紅漆梳背椅上倚坐的小娘子視線僅往門邊掃了圈,很快轉向窗邊,露出姣美側顏,下頜微微抬起,把驕矜二字詮釋得淋漓盡致。
放在往日,她敢這樣擺臉色給父親,定會被訓斥一頓。但扶侯昨夜一時怒火上頭把人趕走,回頭細思,知道自己反應過激,也有些慚愧,便沒把這小小的脾氣放在心上,腳步略一頓,神色不大自然地邁進屋子。
倚陽居的陳設煥然一新,但布局仍同婉姨娘居住時一致,有些小玩意也不曾撤去。譬如這窗邊懸的青竹風鈴,片片青竹隨風微蕩,上面的幾行小字乃是扶侯親筆所書。當時他不過興致一起在竹片上練字,練過后本要丟棄,卻被婉姨娘拾去,精心制了這風鈴。
在討扶侯歡心一事上,婉姨娘著實是下了大功夫的,總能出其不意地表衷心。見得多了,她深深仰慕自己的印象留在扶侯心中,所以才不信她會背著自己去做什么。
晌午時,他猶豫之下去看了婉姨娘,才短短不到一日的時間,往日柔美纖弱的人就消瘦了一圈,臉色蒼白得不可思議,見了他強撐起身子跪地,流淚道“侯爺還能來看妾,妾萬分感激。夜里仔細反思,總算明白錯處在哪兒,欺瞞侯爺就是頭一樁大罪。也是妾不經事,見了那信里的胡說八道就心慌,生怕侯爺信那小人所言,就侯爺,妾身不敢再辯解,如今這身子恐也是報應,總算服侍侯爺這一場,等入了黃泉還能繼續服侍殿下。只可惜循念還望侯爺能不介懷,千錯萬錯只在妾身,他甚么都不知道。”
扶侯不知,女人能流的淚水竟這么多,順著眼眶下落,滴滴答答幾乎能接一盆子水。長公主生性驕傲,即便服軟也從不會如此低聲下氣。他欣賞那樣的傲骨,但此時也不免為婉姨娘的楚楚可憐所動,冰冷的眼神慢慢軟化,最后道“罷了,事實如何我已查清,確實與你無關,只是你確實不該騙我,若一開始就承認那封信,我也不會如此動怒。”
婉姨娘自然又是認錯,柔順地伏在地上,脊背彎出清瘦的弧度。想起大夫說她時日無多,扶侯最后那點氣也沒了,將她放出柴房,還陪著用了頓飯,恰時循念又去看望她,一家三口聚在一塊兒說了些話,令他想起是該把循念讓女兒認識了。
順道,也要為昨夜的事哄哄她。
眾多仆婢緊隨扶侯而來,手捧錦盒接連入室,粗略看過去,敞開的錦盒里放的都是時下小娘子們喜愛的首飾衣裳和點心,長須管事殷勤笑道“侯爺昨日就令小人按郡主喜好去搜羅這些物什,今日才收齊整,郡主看看覺得怎樣,若有什么不滿意的,立即就換。”
扶姣一時不解,看向扶侯。
阿父素來嫌她嬌氣,甚少哄她,父女倆鬧不快后多是等她自己慢慢消氣,這次她本以為也會如此,沒想到阿父竟會主動服軟。
扶侯咳了聲,“喜歡么還有什么想要的,和徐管事說,他自有辦法。”
“先放著罷。”扶姣低低說了這么聲,不知該露出什么神色,便別過臉。
扶侯帶循念落座,遣退下人,“昨夜是爹爹不對,沒同你解釋清楚便發脾氣,紈紈,原諒爹爹這次可好”

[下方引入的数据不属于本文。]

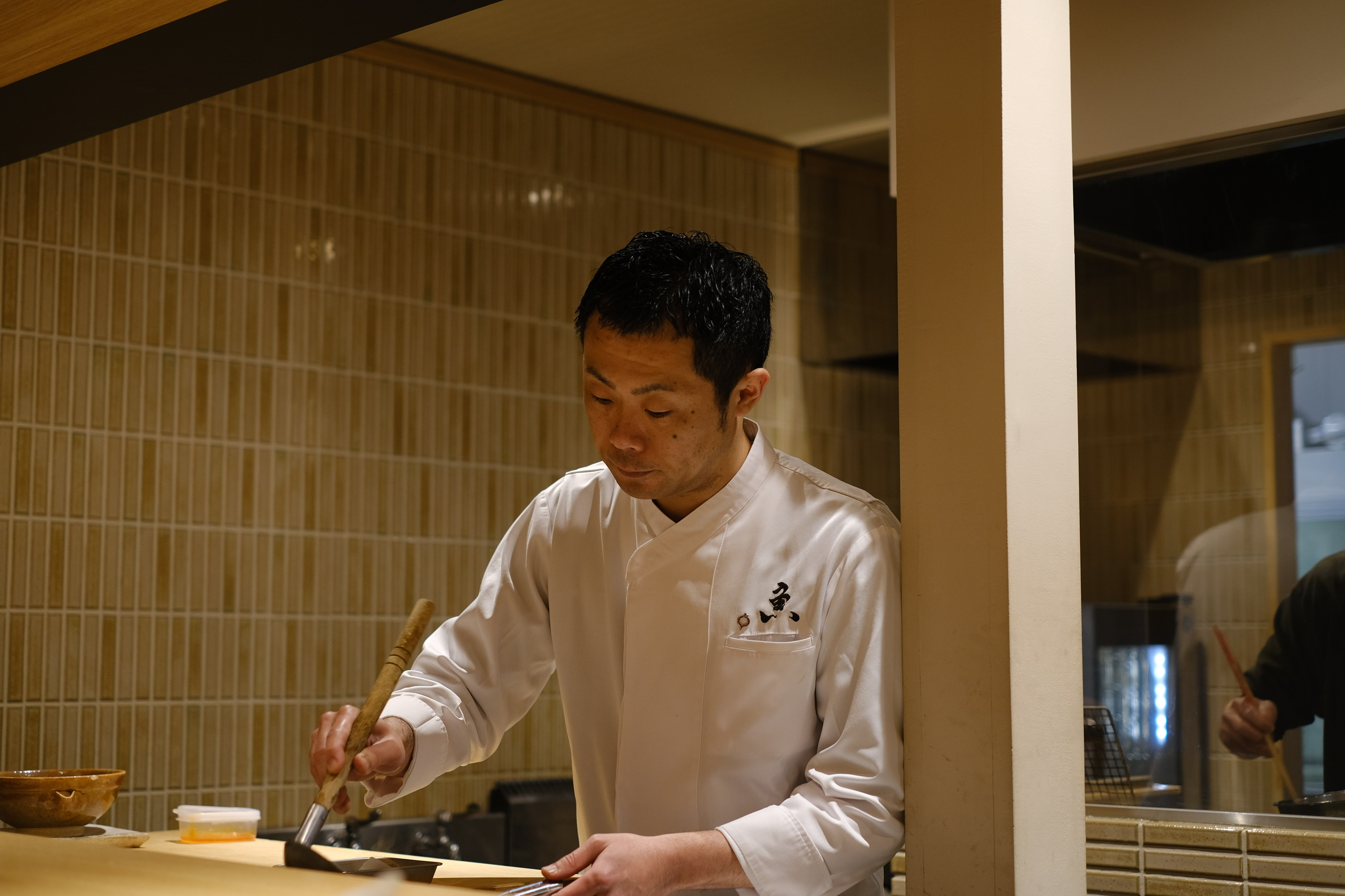 調理師専門学校を卒業後、京都「菊乃井本店」で5年間、新潟市「日本料理 蘭」で2年間の修行を経て、2012年家業の魚行へ

他說道“有些事不是你想的那么簡單,身處其位,自有不得已之事,眼下和你說了,你也不會明白,等日后自有分曉。”
什么不得已,扶姣不清楚,但她也不是真的傻乎乎的小孩兒,任憑糊弄。只是經過昨夜李承度那幾句話,也學會了一點沉住氣的功夫,唔一聲,就作知道了。
扶侯也不在意她的冷淡,把循念牽到身前,溫聲介紹,“這是循念,大名扶瑯,是你族中伯伯的子嗣。他們夫妻遠在荊州,便暫把循念托付給了我。”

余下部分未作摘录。